A typical problem with realistic data might have six molecules in the training set, 18 continuous variables describing the geometry and energetics of the site model, and 500 Boolean variables representing the geometric compatibility between possible binding modes of the molecules and the site model. Since a few of the Boolean variables are much more important than the others, Crippen carefully orders the levels of the branch-and-bound search in such a way that solutions can be found by exploring fewer than 10^4 branches (rather than 2^500). Typical run times are about an hour on a Silicon Graphics R5000 workstation.
Crippen's method has proved to be quite effective on the standard test cases. Nonetheless, he modestly described it as being "as unsuccessful as anyone else's method," although he does admit that it obtains good predictions of structure from very small training sets. Clearly, his use of modern optimization tools and models has moved the process of receptor-based drug design out of the realms of statistically uncertain least squares, heavy dependence on intuition, and restrictive assumptions about molecular structure and alignment.
The Contribution of Computational Chemistry
As appealing as it may seem to applied mathematicians, the notion of start-to-finish drug design at a computer terminal is unrealistic. "Older, more standard methods, such as QSAR or CoMFA, for which there are convenient commercial software packages, are used daily in all the big companies," Crippen observed. "But there are remarkably few success stories that computational chemists can cite."
The difficulty, he pointed out, is that no existing computer program can read in the experimental evidence and write out the chemical structure of a drug that will pass all the biological tests and then go on to become a great commercial and medical success. "Instead, there is a general 'feeling' that the odds of producing a successful drug are raised by employing computational chemistry."
Given the enormous cost of drug development, no one will perform what Crippen sees as the obvious test: "Build two matched companies, each with one hundred equally good synthetic chemists, biochemists, toxicologists, etc., but add ten computational chemists to one of them and then analyze their output after ten years!"
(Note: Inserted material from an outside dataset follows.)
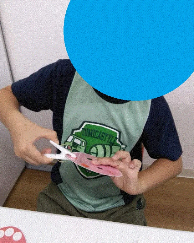 「台紙の指定された場所に洗濯ばさみをつける課題です」
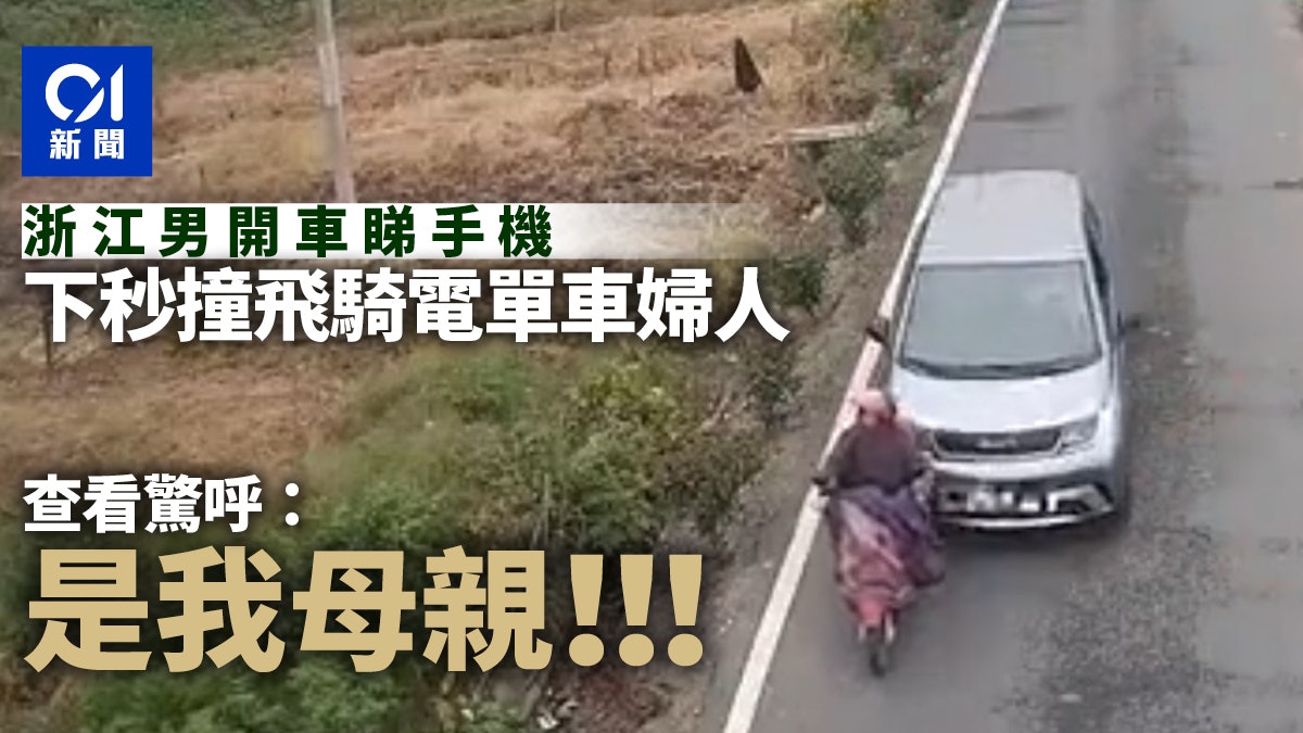 ( S& S+ q* i4 X" C4 a/ G; ]浙江湖州一名男子近日開車返家時,分心低頭看了一眼手機,沒想到下秒撞上前方騎電動車的婦女。更巧的是,他下車查看發現被撞飛的竟是自己的母親。(微博@錢江視頻)$ K' b4 |7 X% l! ^

He described his favorite analogy as "determining the parents (intellectual creators) of a child (drug). The mother (the synthetic organic chemist) is obvious because she (he/it) was present at the birth (synthesis of the drug). The father might have been anyone passing by (random inspiration) or some close friend (the computational chemist down the hall), but that contribution is recognized only if the mother decides to make a public statement about it."
Questions of paternity aside, it is clear that computational chemistry and the underlying tools of modeling, optimization, and scientific computing are key ingredients, both intellectually and commercially, in the most effective prescription yet for the development of new medicines.
Paul Davis is a professor of mathematical sciences at Worcester Polytechnic Institute.